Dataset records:
━━━━━━━━━━━━━━━━
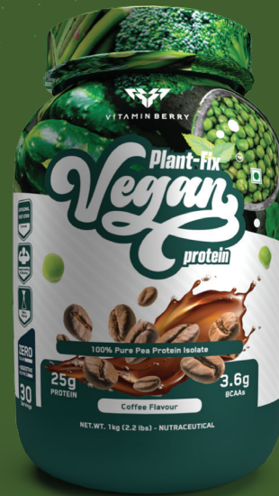
Vegan Protein Premium Plant Protein
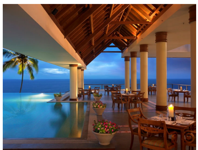
The Terrace Restaurant
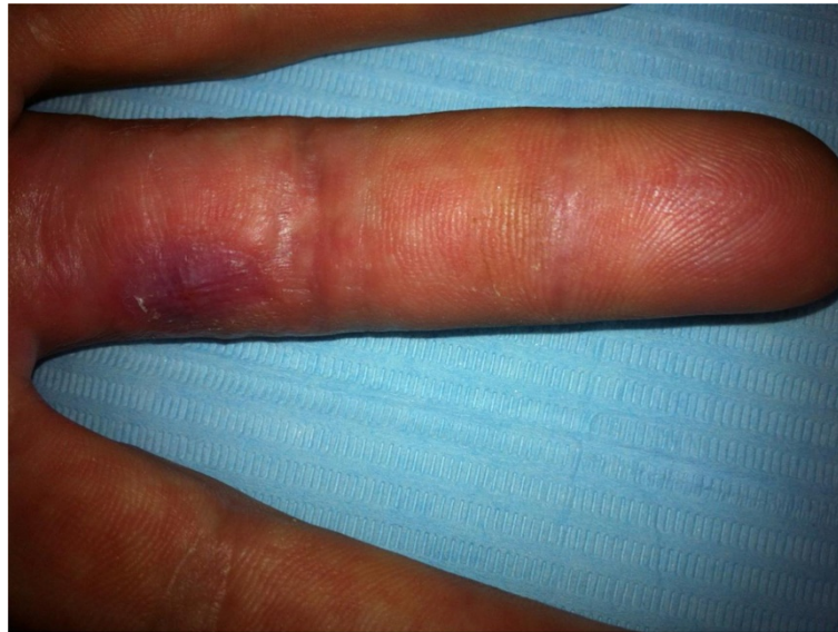
Figure 3 Appearance of the finger after complete healing.

body through an area of broken skin. They typically occur on the hands and feet, but can appear on any part of the body including face, nails and genitals. Warts often disappear spontaneously after a few months but may last for years and can recur (Micali et al. 2004).
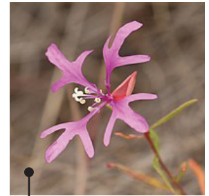
Elkhorn Wildflower Elkhorn Clarkia is a distinctive wildflower with 3-lobed petals. Lewis & Clark thought the petals looked like miniature elk antlers.

My goal for this installation would be to contribute to the local Meridian residents' existing local pride with a unique art installation that begins a theming element for the trails system.
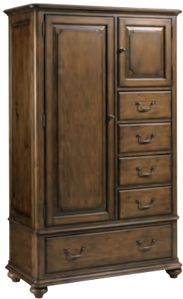
161-291 Witham Gentlemen's Chest W44 D20 H72 Five drawers, two doors, three adjustable wood shelves behind tall door, one adjustable wood shelf behind small door, four adjustable wood shelves total, adjustable levelers Page 1
━━━━━━━━━━━━━━━━
> _Task directions_
Output each record precisely as it appears, and drop every picture.

> _Exercise response_
Vegan Protein Premium Plant Protein
The Terrace Restaurant
Figure 3 Appearance of the finger after complete healing.

body through an area of broken skin. They typically occur on the hands and feet, but can appear on any part of the body including face, nails and genitals. Warts often disappear spontaneously after a few months but may last for years and can recur (Micali et al. 2004).
Elkhorn Wildflower Elkhorn Clarkia is a distinctive wildflower with 3-lobed petals. Lewis & Clark thought the petals looked like miniature elk antlers.

My goal for this installation would be to contribute to the local Meridian residents' existing local pride with a unique art installation that begins a theming element for the trails system.
161-291 Witham Gentlemen's Chest W44 D20 H72 Five drawers, two doors, three adjustable wood shelves behind tall door, one adjustable wood shelf behind small door, four adjustable wood shelves total, adjustable levelers Page 1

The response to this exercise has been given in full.